Virtual regions do not automatically grant access to buckets in the underlying storage region. When adding a bucket to Orchesto, you will automatically create a new bucket in the backing region. This backing bucket will have the name of the virtual bucket as a portion of its name. The complete name of the backing bucket will however also include a unique identifier to ensure that there will be no naming conflicts amongst the backing buckets.
In versions after 2.0 of Orchesto it is possible to also reuse existing backing buckets when creating a virtual bucket. For these situations, Orchesto features an import function that reads upstream data from the backing bucket in order to build Orchesto's internal object indexing database.

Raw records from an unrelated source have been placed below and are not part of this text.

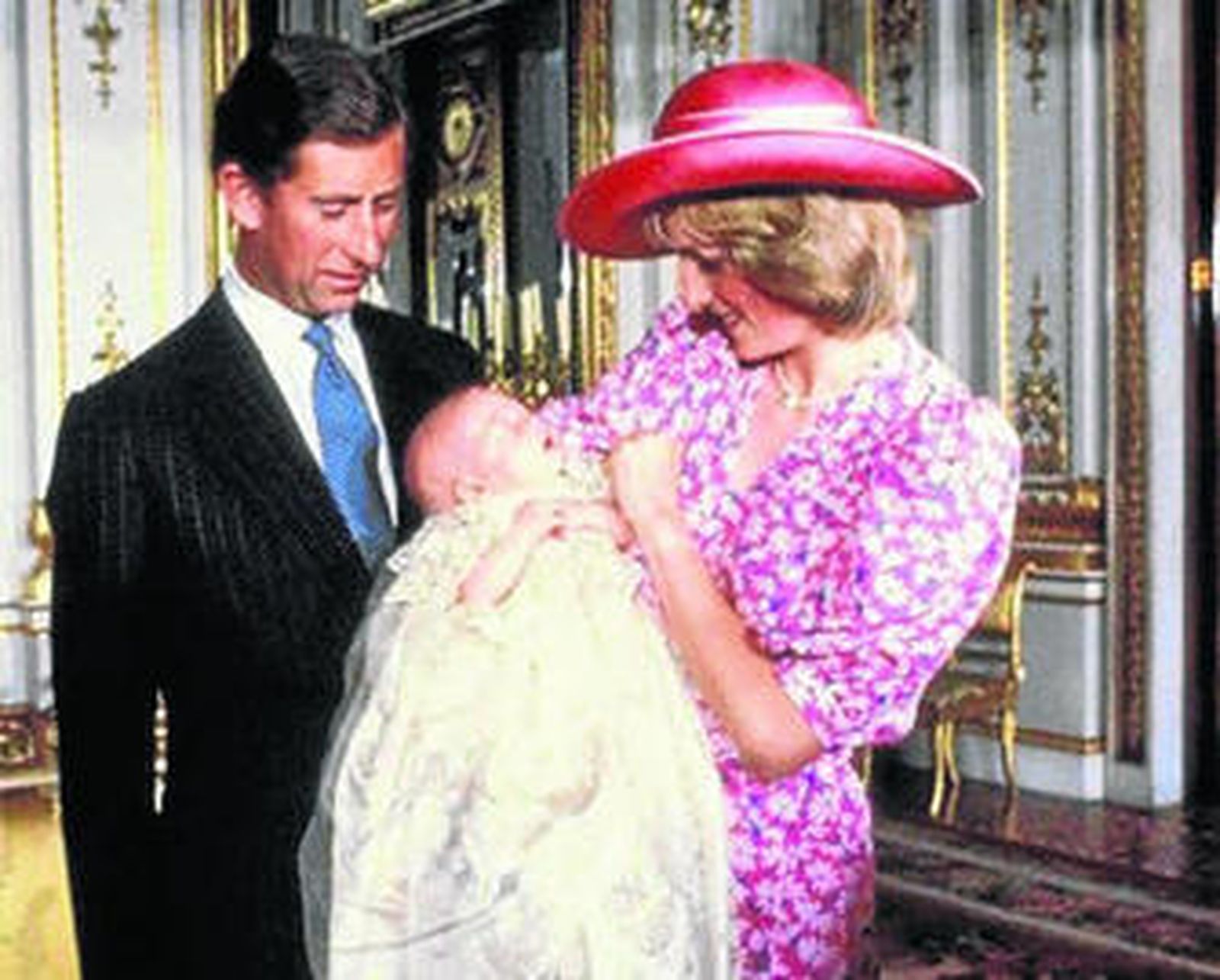 El padre del duque de Cambridge, el príncipe Carlos, fue bautizado en el Salón de Música del Palacio de Buckingham el 15 de diciembre de 1948. Sus padrinos fueron el rey Jorge VI, la reina María, la princesa Margarita, la marquesa de Milford Haven, David Bowes-Lyon, Lady Brabourne, el rey Haakon VII de Noruega y el príncipe Jorge de Grecia. Una ceremonia más pomposa que la de su madre, la actual reina Isabel II, que tuvo lugar el 29 de mayo de 1926. Recibió el sagrado sacramento en la capilla privada del Palacio de Buckingham, que fue destruida durante los bombardeos de Londres, en la Segunda Guerra Mundial.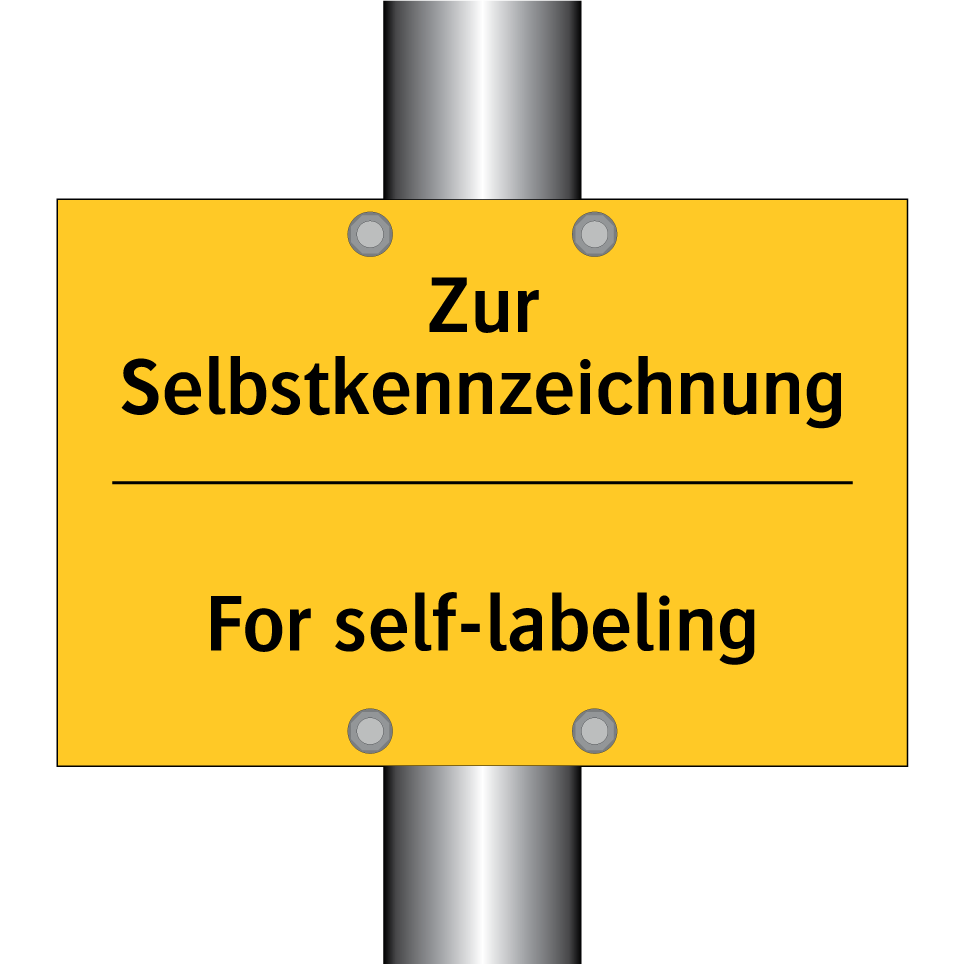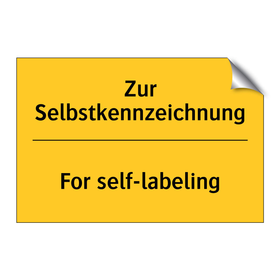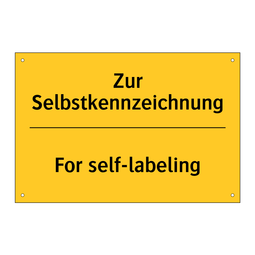 Zweisprachiges Warnschild mit deutschem Text Zur Selbstkennzeichnung und englischem Text For self-labeling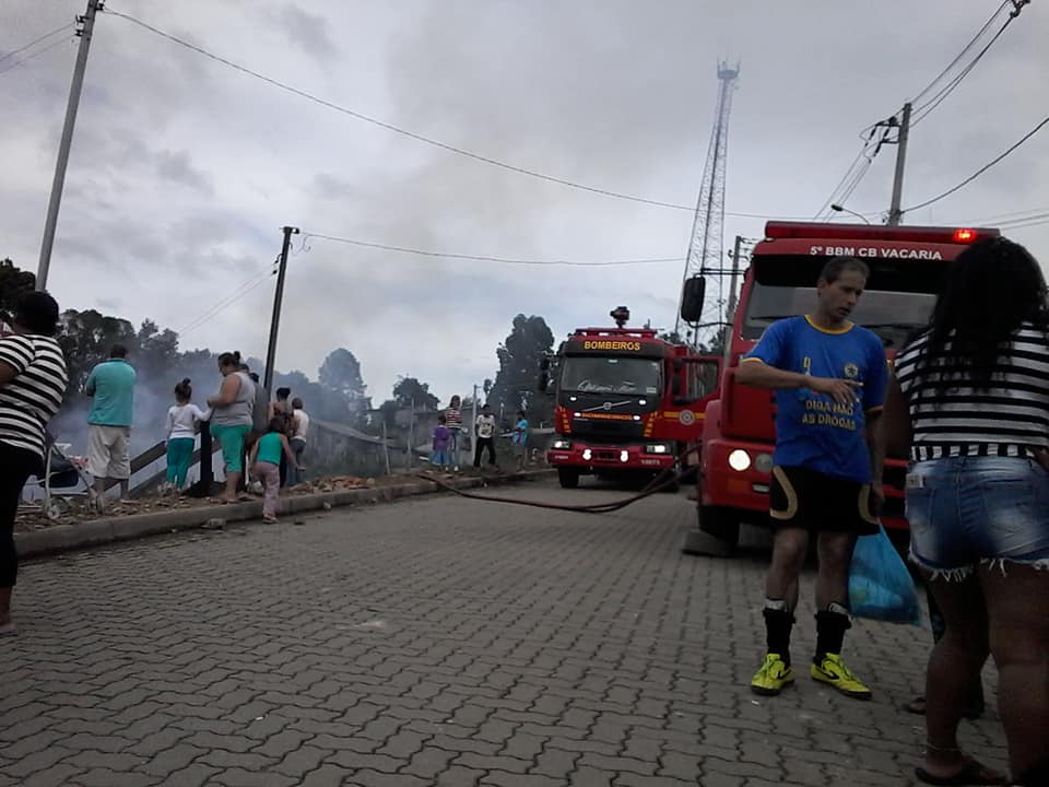Os bombeiros de Vacaria se deslocaram e conseguiram evitar que a 4ª residência fosse também tomada pelas chamas.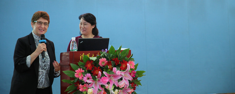李文平校长(右)与Maxine Klimasara在研讨会上发表演讲

All data uploaded to Orchesto is stored in the native format of the storage provider, ensuring the data lifecycle is not obstructed across storage environments. This allows direct access to the data outside Orchesto, and access to existing data through Orchesto, at the same time.**
A security credential is provided by way of access keys, consisting of an access key ID and a secret access key. The first issued security credential is the administrative security credential. This is unique and can be used to manage Orchesto with admin privileges, that is, without restriction.
Make sure you store the initially provided admin access keys in a secure location.**
With admin privileges, you can create new security credentials with user privileges, also known as user security credentials, to secure your storage environment. One of many tools at the admin's disposal is IAM policies - tied to users and / or buckets. These allow management of user authorisation at a granular level. For more information on IAM Policies, please see Appendix Postgres installation for Orchesto.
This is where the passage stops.